Multi-node training on Polaris (ALCF)¶
Polaris has 4 NVIDIA A100 GPUs per node and uses PBS Pro for job scheduling. This notebook is illustrative — the cells are not executed in CI because they need an ALCF allocation. Run them on a Polaris login node.
Reference: Polaris user guide.
!!! note "Substitute the UPPERCASE placeholders for your environment"

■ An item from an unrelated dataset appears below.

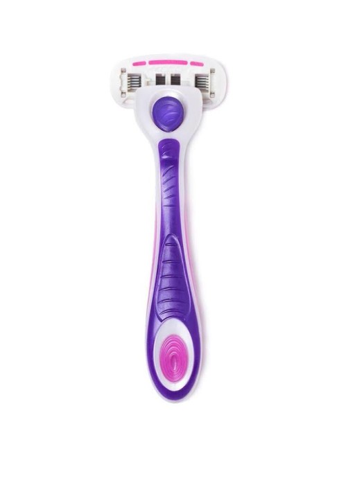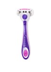 Hållare som passar att ha i duschen medföljer. De fembladiga rakbladen är utbytbara, ett blad medföljer.

The cells below contain <UPPERCASE> placeholders that you must replace before running:
- `<CONDA_ENV_PATH>` — path where you'll create / find your conda env
- `<LUMINA_REPO_PATH>` — your local clone of `lumina-sdk`
- `<DATASET_ROOT>` — root of your OPFData stage
- `<HPC_ACCOUNT>` — your ALCF allocation
- `<WANDB_PROJECT>` — your Weights & Biases project name
1. Environment setup¶
Build the conda env once, then conda activate it from your job script. Putting the env on /eagle keeps it reachable from compute nodes.
%%bash
module load conda
conda create -p <CONDA_ENV_PATH> python=3.11 -y
conda activate <CONDA_ENV_PATH>
# torch + PyG matching Polaris CUDA
pip install torch torch-geometric
cd <LUMINA_REPO_PATH>
pip install -e ".[acopf,hps]"
2. Stage the dataset¶
Reading raw OPFData from Lustre on every step kills throughput. Pre-stage a copy to node-local SSD and point data.staging.root at $TMPDIR.
%%bash
# Inside a PBS job
mkdir -p $TMPDIR/OPFData
cp -r <DATASET_ROOT>/OPFData/processed/dataset_release_1/pglib_opf_case14_ieee \
$TMPDIR/OPFData/
3. Configure for Polaris¶
Use configs/config.polaris.ddp.yaml as the starting point. Override what changes between jobs (cases, group_ids, batch size) on the CLI.
%%bash
head -40 configs/config.polaris.ddp.yaml
4. PBS job script¶
Save as job-polaris.sh.
%%writefile job-polaris.sh
#!/bin/bash
#PBS -l select=4:system=polaris
#PBS -l walltime=02:00:00
#PBS -l filesystems=home:eagle
#PBS -q prod
#PBS -A <HPC_ACCOUNT>
#PBS -N lumina
module load conda
conda activate <CONDA_ENV_PATH>
cd <LUMINA_REPO_PATH>
NNODES=$(cat $PBS_NODEFILE | sort | uniq | wc -l)
NGPUS_PER_NODE=4
NTOTGPUS=$((NNODES * NGPUS_PER_NODE))
export MASTER_ADDR=$(hostname).hsn.cm.polaris.alcf.anl.gov
export MASTER_PORT=29500
mpiexec -n ${NTOTGPUS} -ppn ${NGPUS_PER_NODE} \
python example/opf/train_opf_ddp.py \
--config configs/config.polaris.ddp.yaml \
--cases case14 case118 case2000 \
--group_ids 0 1 2 3 4 \
--model_type HeteroGNN \
--loss_type mse \
--wandb \
--wandb_project <WANDB_PROJECT>
5. Submit¶
%%bash
qsub job-polaris.sh
qstat -u $USER
6. Operational tips¶
- Rendezvous failures usually mean the master node is unreachable or the port is taken. Pick a different
MASTER_PORTand re-submit. - Throughput drop after first epoch. Almost always I/O — confirm
data.staging.rootis set and the dataset really landed on$TMPDIR. - Imbalanced load across cases. With multi-case training, set
training.case_sampling='proportional'so larger cases get more steps. - Checkpointing. Write to
/eagle(not/home); rank-0-only writes are fine for HeteroGNN sizes typical here. - W&B offline. Polaris compute nodes have no internet; set
WANDB_MODE=offlineand usewandb syncfrom a login node afterwards. See W&B Sweeps on Perlmutter for a worked example.